Diyojen’e, felsefenin ne yararını gördüğü sorulunca, “Her şey bir yana, talihin cilvelerine karşı hazırlıklı olmayı öğrendim.” demiştir.

Gök âleminden söz eden bir adama: “Gökten ne zaman geldin?" diye sorarak; ancak görülebilen ve mevcut şeylerden söz edilebileceğini, bunun dışında hiçbir hakikatten bahsedilemeyeceğini kanıtlamak ister.

Kendisinin vaktiyle kalpazanlıkla uğraştığını hatırlatanlara: “Evet, bir zamanlar sizlere benzemem lazım gelmişti.
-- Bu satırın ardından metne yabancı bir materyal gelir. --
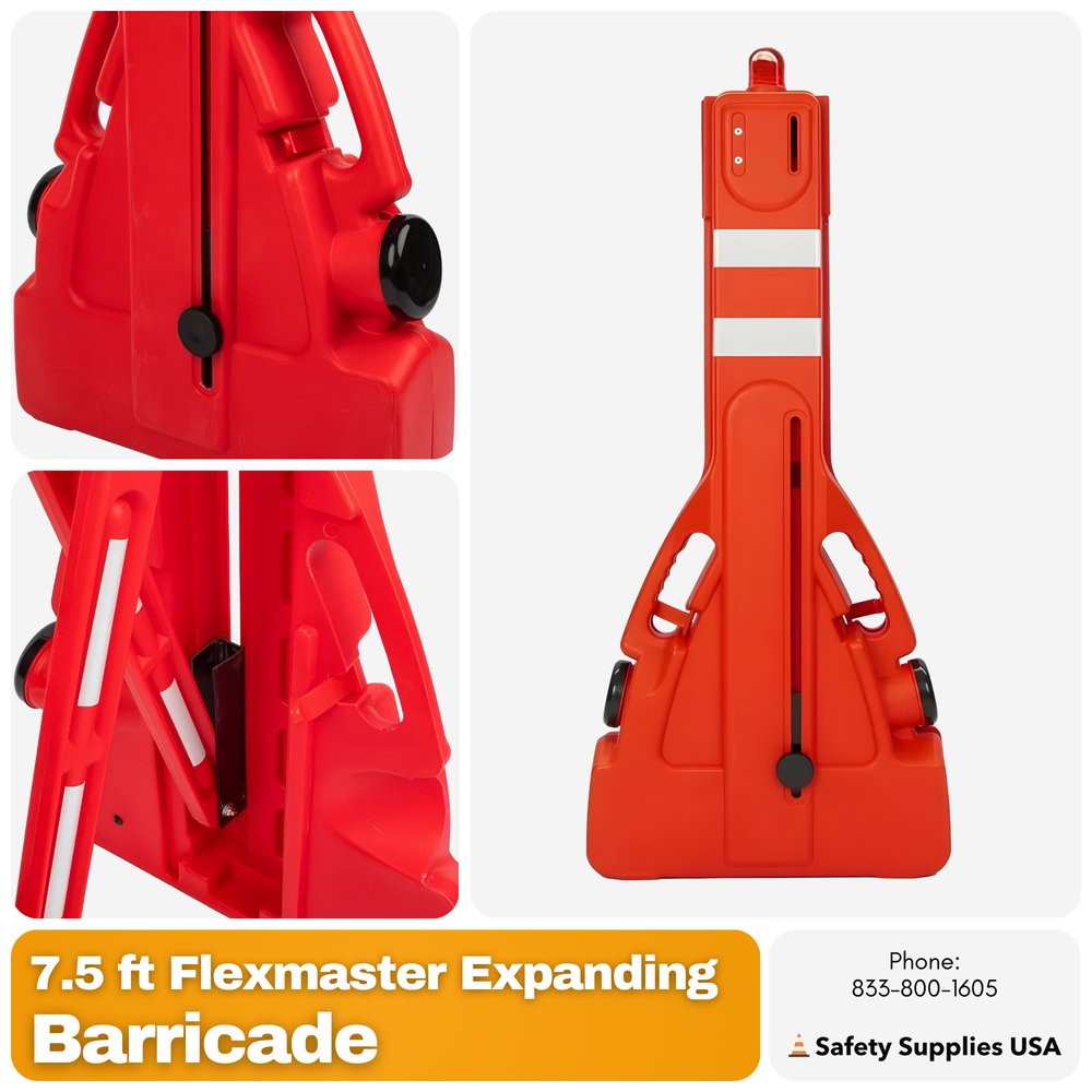 The FlexMaster Expanding Barricade is a durable, lightweight, and rust-resistant solution for crowd control and safety. Expanding up to 7.5 ft, this polyethylene barricade is designed for effortless handling and storage. Its hook-and-loop connection system allows multiple units to be linked together, creating customizable barrier runs for construction sites, warehouses, and event spaces.

Fakat şimdi, siz benim olduğum hale asla gelemezsiniz.” diye cevap vermiştir.

Atina’da bir okula girdiği zaman, orada öğrencilerden başka birçok heykeller de gördüğünde, öğretmene dönerek: “Oto, tanrıları da sayarsak epey öğrenciniz var.” der.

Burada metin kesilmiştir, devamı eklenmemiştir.